Private sector outreach was central.
“Ukraine reached out to the private sector and moved incredibly fast to work hand-in-hand with it,” Mr. Middleton said, referencing U.S. tech companies such as Microsoft, Google and Starlink. “They were critical in helping Ukraine adjust. … They shared intelligence with Ukraine, patched problems and neutralized attacks.”
This strategy was enabled by Ukrainians working for overseas IT firms.
“What we saw in the early days of the response was private-sector companies being drawn in, using Ukrainian employees in the EU, the UK and the U.S.,” said Mr. Middleton. Those employees “drove companies to engage, and provided insights into Ukrainian systems.”
Google said last week that it saw cyberattackers on the digital battlefield in Ukraine that the NSA had warned about hitting U.S. infrastructure in 2021.
The search engine giant disclosed the links in a report entitled “Fog of War,” which said the Ukrainian government is under “near-constant digital attack” from hackers overseen by the GRU, the Russian military intelligence service.
“We’ve observed a notable uptick in the intensity and frequency of Russian cyber operations designed to maximize access to victim networks, systems and data to achieve multiple strategic objectives,” the report said. “For example, GRU-sponsored actors have used their access to steal sensitive information and release it to the public to further a narrative, or use that same access to conduct destructive cyberattacks or information operations campaigns.”
Pre-invasion Ukraine was a key IT outsourcing destination for EU companies. Post-invasion, a deep talent pool of IT-savvy, English-speaking volunteers was at Kyiv’s disposal.
Android apps guide artillery on the battlefield, while PR campaigns enlist global sympathies and support on social media. These private-public partnerships provide key learning for future combatants.
It ain’t over ‘til…
Russia, analysts at the conference warned, should not be counted out.
“A number of commentators have said we have not seen ‘Cybergeddon’ in Ukraine,” said Mr. Middleton. “But we are seeing cyberspace fiercely targeted and contested on a daily basis, with the Russians launching attacks against Ukraine’s communications and critical national infrastructure.”

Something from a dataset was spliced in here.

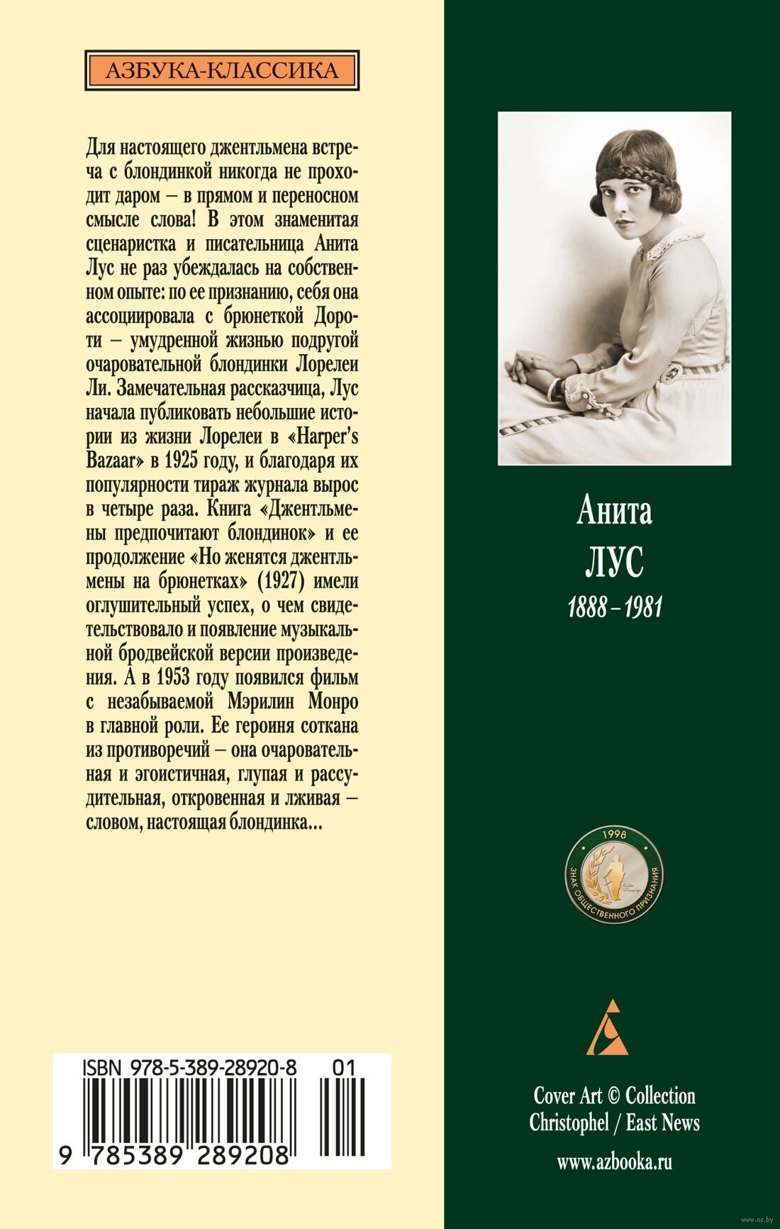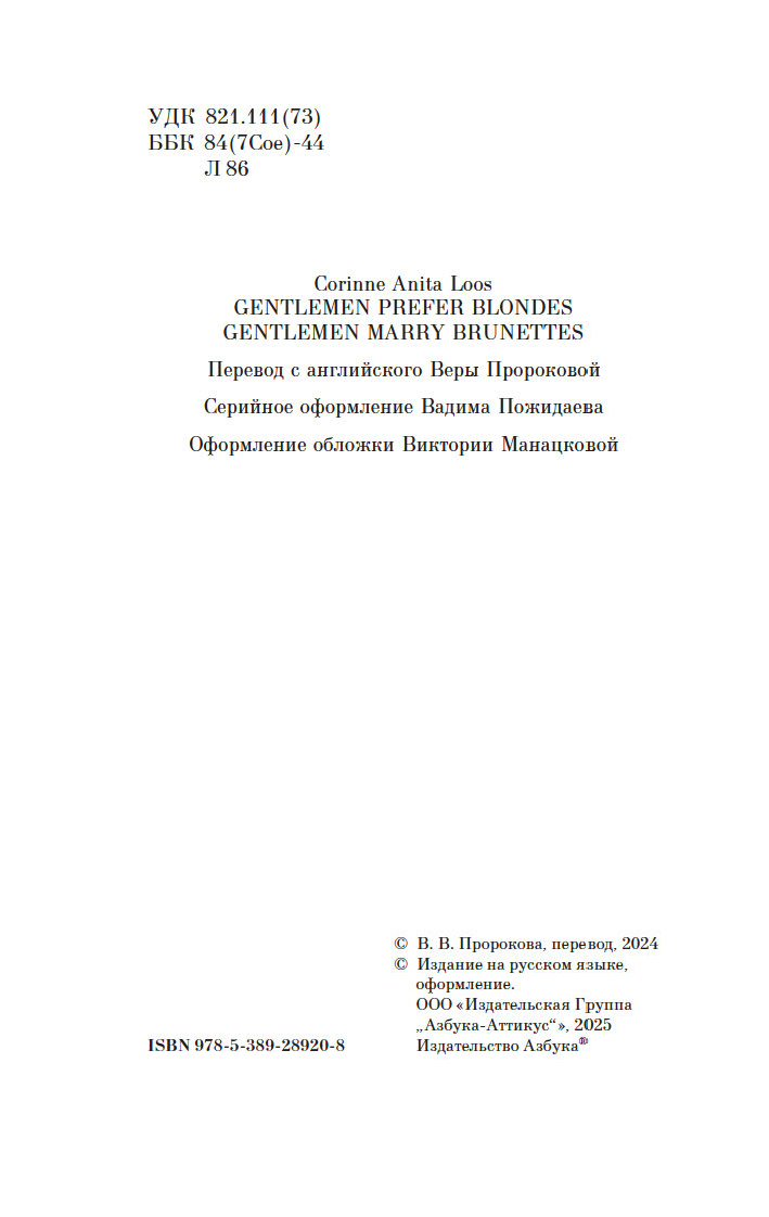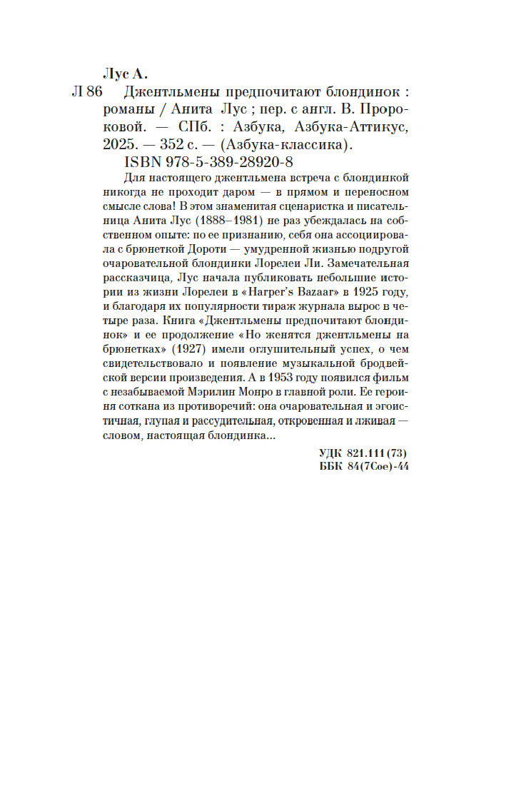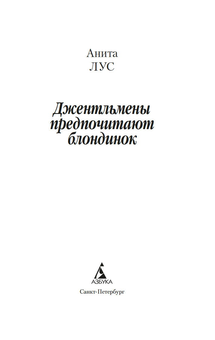 Для настоящего джентльмена встреча с блондинкой никогда не проходит даром – в прямом и переносном смысле слова! В этом знаменитая сценаристка и писательница Анита Лус (1888–1981) не раз убеждалась на собственном опыте: по ее признанию, себя она ассоциировала с брюнеткой Дороти – умудренной жизнью подругой очаровательной блондинки Лорелеи Ли. Замечательная рассказчица, Лус начала публиковать небольшие истории из жизни Лорелеи в "Harper’s Bazaar" в 1925 году, и благодаря их популярности тираж журнала вырос в четыре раза. Книга "Джентльмены предпочитают блондинок" и ее продолжение "Но женятся джентльмены на брюнетках" (1927) имели оглушительный успех, о чем свидетельствовало и появление музыкальной бродвейской версии произведения. А в 1953 году появился фильм с незабываемой Мэрилин Монро в главной роли. Ее героиня соткана из противоречий: она очаровательная и эгоистичная, глупая и рассудительная, откровенная и лживая – словом, настоящая блондинка…

The NATO country source noted that Moscow’s forces are now jamming Ukrainian signals, while effectively synchronizing human and electronic intelligence.
Indeed, Soviet and Russian armies have a history of suffering early-stage humiliations, integrating hard-won learnings, then ending conflicts with final victories, from the ultimate victory of the Nazis in World War II to the string of Chechen wars on Russian soil in the 1990s and 2000s.
“Don’t underestimate the GRU and the FSB,” the source said, referring to Russia’s military intelligence directorate and its state security bureau. “They are highly capable.”
— Staff writer Ryan Lovelace contributed to this report.